Лист слушал. Слушал и грос-герцог — высокий человек в белом жилете, сиреневых перчатках и звездой на груди, волею судьбы ставший хозяином этого города, как мог быть хозяином другого немецкого герцогства или графства. Он умел держать себя с гениями — такова была традиция его рода, где поэтов хоронили в одном склепе с коронованными особами.
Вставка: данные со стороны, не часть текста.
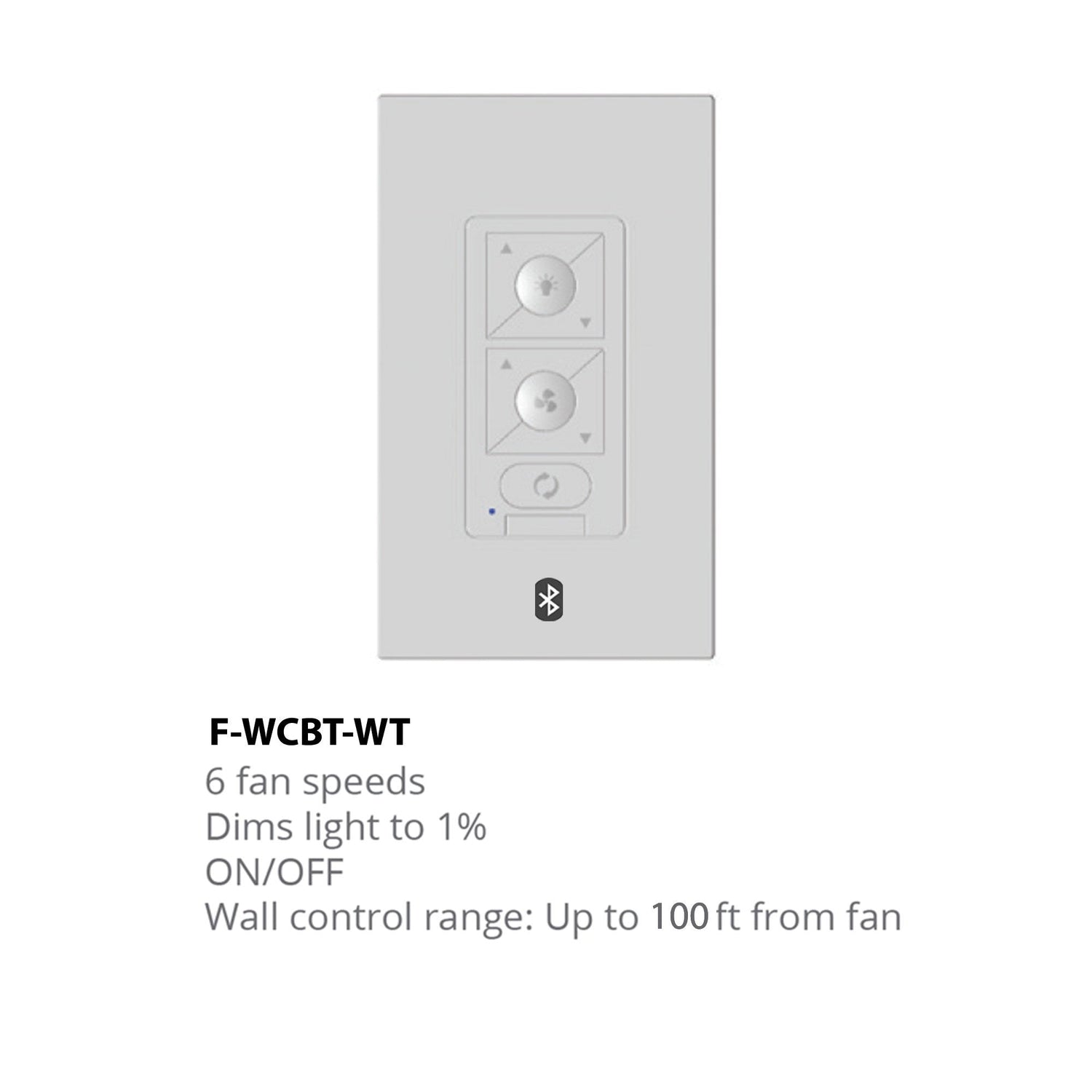 - Bluetooth Wall Control (Sold Separately) with on/off, 6 speed, reverse, and dim to 1%, Android or iOS Device App Included (F-WCBT-WT)
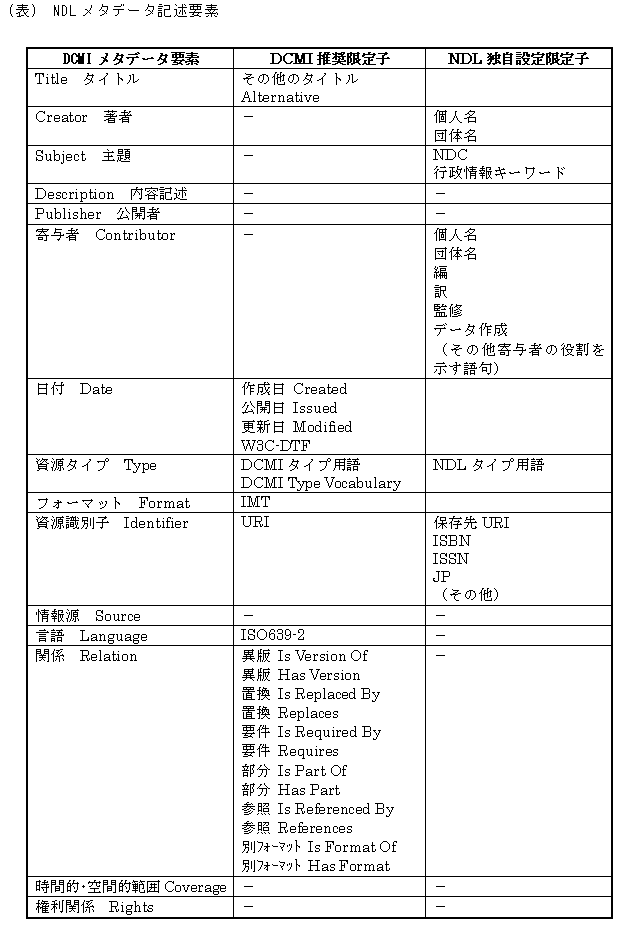 た「NDLメタデータ記述要素」を取り決めた。計画の前提となるNDLの電子出版物への
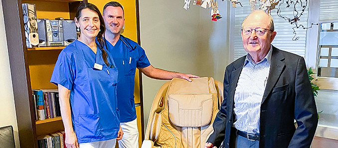 Seit einigen Tagen bietet die Helios St. Elisabeth Klinik Hünfeld ihren Palliativpatienten und deren Angehörige die Möglichkeit zu einer besonderen Auszeit. Im Aufenthaltsraum der Palliativstation des Krankenhauses steht diesen nun ein Massagesessel zur Verfügung. Den Sessel konnte die Klinik dank einer großzügigen Spende des Palliativfördervereins Hand in Hand Hünfeld kaufen. In dem Sessel können Patienten und Angehörige verschiedene Massageprogramme genießen. Von Kopf bis Fuß, von sanft bis intensiv. Während der nun kälteren Monate besonders angenehm: Der Sessel ist mit einer Wärmefunktion ausgestattet. Die Spende hatte Dr. Ambros Greiner dem Hünfelder Krankenhaus überreicht. Greiner ist Gründer und 2. Vorsitzender des Vereins. In der Vergangenheit hat er in der Helios St. Elisabeth Klinik gearbeitet, unter anderem als Leiter der Palliativstation.
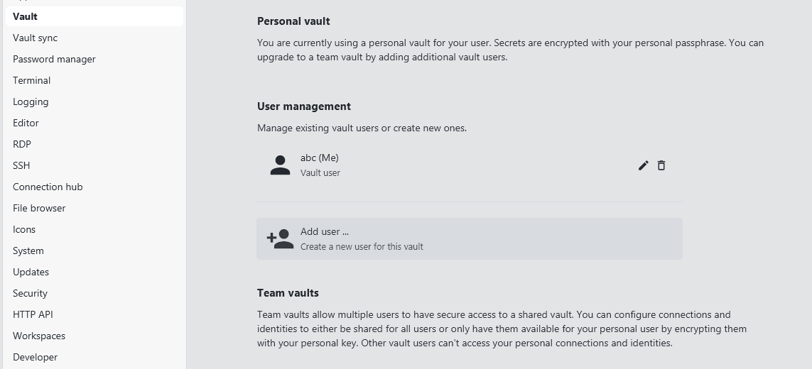 To start off, each team member first has to sync to the same git repository. You can then configure the vault users in the Vault settings menu. Each vault user requires a passphrase to be set which will be used to encrypt personal secrets in the vault. With a passphrase, other users won't be able to decrypt any connections and identities marked as personal.

И сам Бородин слушал себя, — никогда до того не приходилось играть ему в такой торжественной обстановке, среди которой был полубог. Он старался, как ученик, проклиная в эти минуты и недостаточность своей фортепианной техники, и все, что мешало ему в жизни быть настоящим музыкантом.

— Как хорошо, — сказал Лист, когда он кончил, — какой прекрасный русский музыкант передо мной.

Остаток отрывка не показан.